I was scanning an old album of photographs I have yesterday, and I decided to try and inspire some of you to do the same by posting a few photographs of my grandmother and my grandfather with me when I was a little girl.  These pictures brought back the feelings I had as a little girl for my grandparents.  Although I have only vague memories of my grandfather who died in May, 1957,  when I was almost five, looking at these pictures reminded me of how much time I spent with him as a small child.  My grandparents lived right near us in Parkchester until we moved to Elmsford in January, 1957, just a few months before my grandfather died.  I must have seen them almost every day.  We also spent summers together in a rented cottage on Long Pond near Mahopac, NY.  Here are a few of those photographs.

Gussie and Amy 1953

Gussie and Amy 1953

My Grandparents, my mother and me, 1953

My Grandparents, my mother and me, 1953

Grandma and Amy 1954

Grandma and Amy 1954

spring 1955

Long Pond Summer 1954

Long Pond Summer 1954

My Grandparents

My Grandparents

My Grandparents with me OCtober 1956

My Grandparents with me October 1956

My seventh birthday party

My seventh birthday party

Tillie’s Death Certificate

I received Tillie’s death certificate yesterday, and as I expected, it did not contain any new information about where our family lived in Galicia.  It does, however, confirm that she was the daughter of Joseph and Bessie Brotman (not that I had any doubts) and was born in Austria. Of course, it has a different birthdate from other documents; some documents say she was born in 1884, some 1887, and this one says 1882. The ship manifest which lists her as a passenger in 1891 has her age as six years old, giving her a birth year of 1884 or 1885.  The month of her birth is also inconsistent. The 1900 census said her birthday was in February; the death certificate says August.

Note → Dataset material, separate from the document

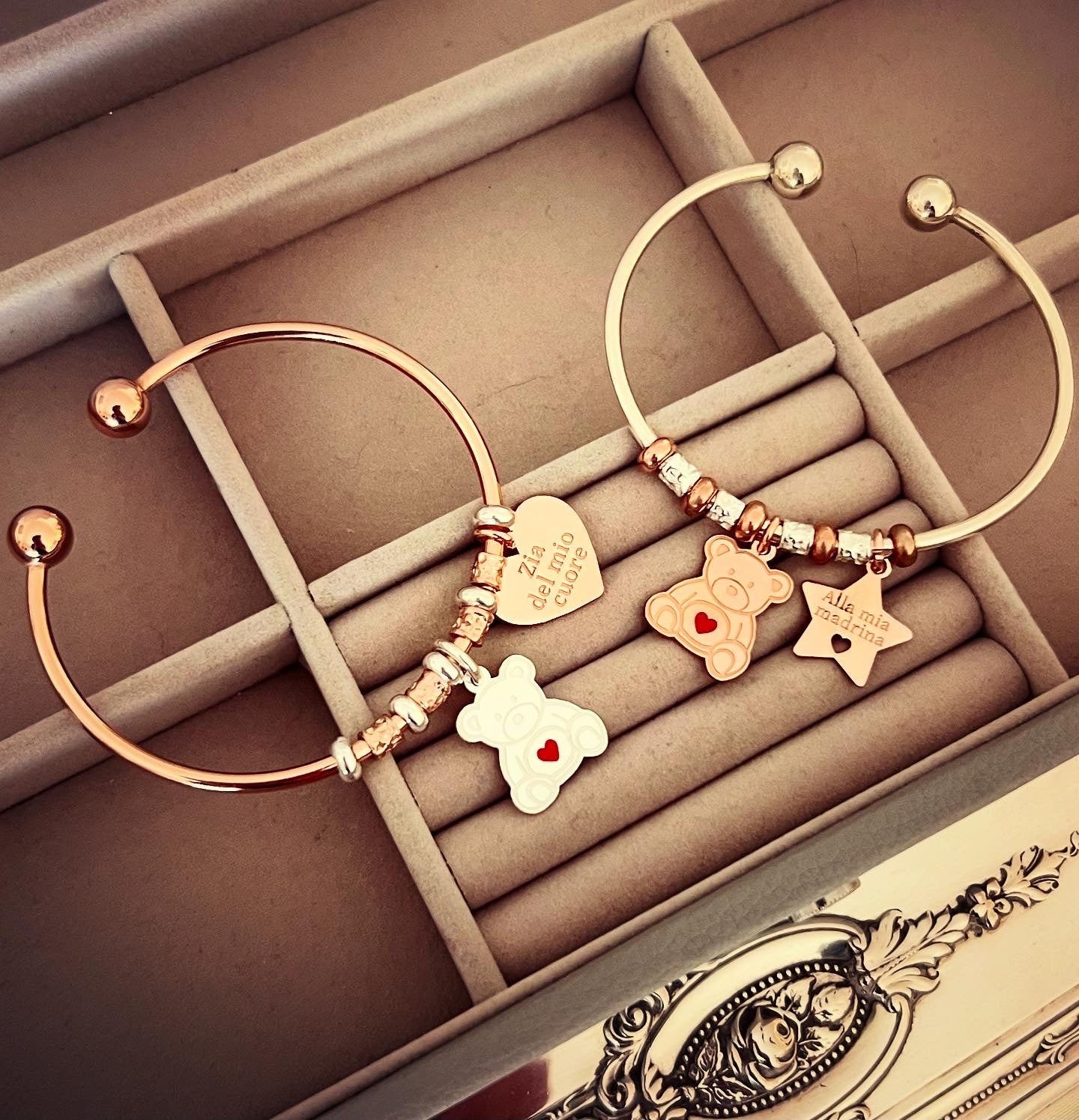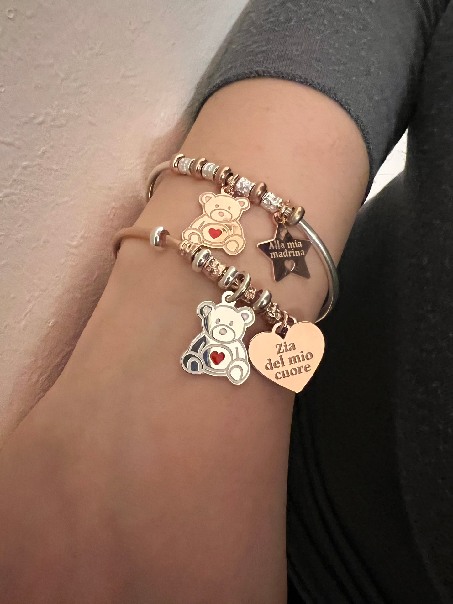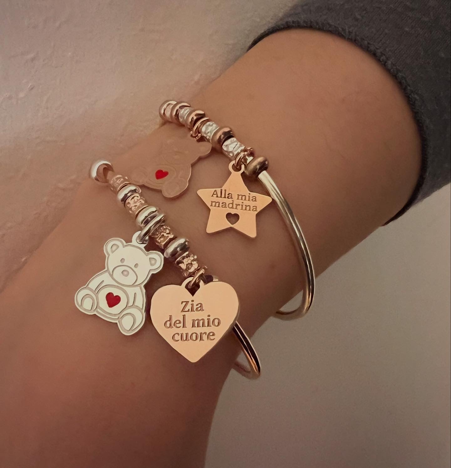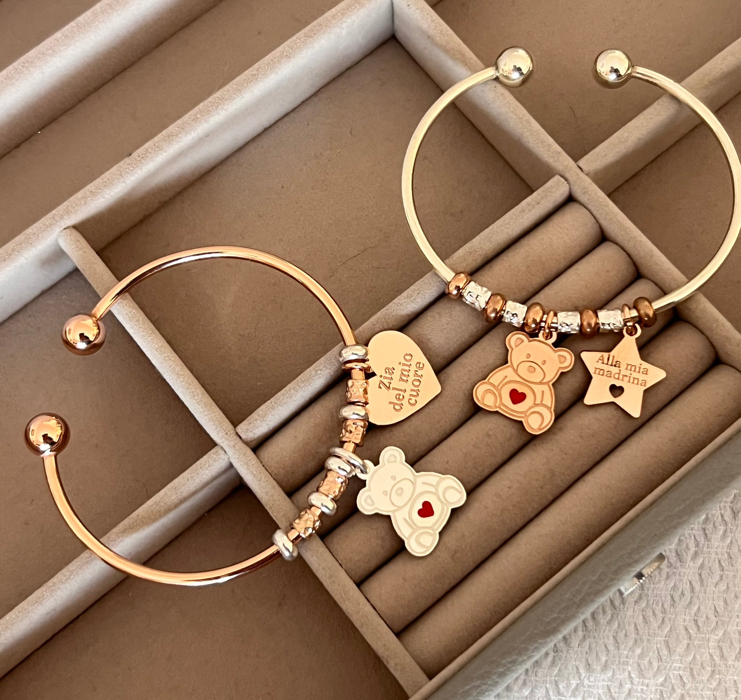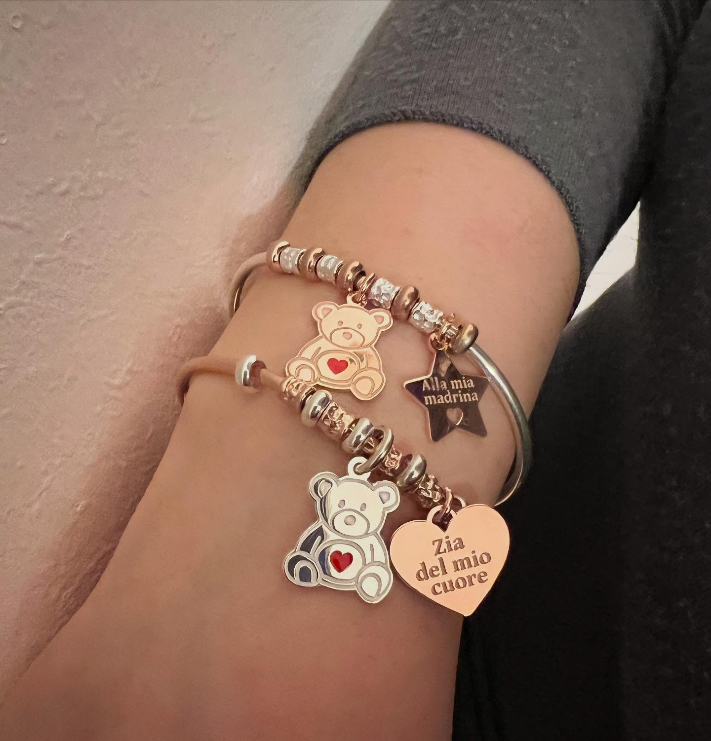 Bracciali rigidi con orsetto e cuore o stella personalizzati

Tillie Ressler's death certificate

Tillie Ressler’s death certificate

Interestingly, the death certificate itself has two different ages listed for Tillie at her death.  On the left side (filled out by her son Joseph, as far as I can tell), it says she was born in 1882 and was 73 years old at the time of her death, i.e., February 1956, which would be consistent with a birthday of August 23, 1882.  It also says she was a resident of NYC for 71 of those years, however, meaning she arrived when she was two years old, i.e, in 1884.  Well, we know she came in 1891, so that can’t be correct. On the right side, typed in by the hospital, it says her approximate age was 70 years old at the time of her death, meaning she would have been born in 1886.  So…let’s compromise and say she was born in February, 1884, which is what her own parents told the census taker in 1900.

What the certificate really confirmed for me, however, is what an excellent memory my mother has.  She had just told me over Thanksgiving that Tillie had lived on the Grand Concourse with her sons Joe and Harry and that she had died at a hospital on Welfare Island.  I have to say that when I saw both those facts confirmed in the death certificate, I was very impressed (though not surprised) that my mother had remembered such specific details, especially since I often can’t remember things that happened much more recently.

I was curious about Bird S. Coler Hospital where Tillie died because my mother had very sad memories of visiting her aunt there.  It had opened in 1952 as a public hospital on Welfare Island (now called Roosevelt Island) as a rehabilitation and long-term nursing facility, so it was a relatively new hospital at the time Tillie was there.  It still exists today, now called Coler-Goldwater Specialty Hospital and Nursing Facility, and still functions as a public chronic care facility.

I am now just waiting for Hyman and Sophie’s marriage certificate, and I think I will have all the American “vital records” that exist for Joseph and Bessie and their seven children.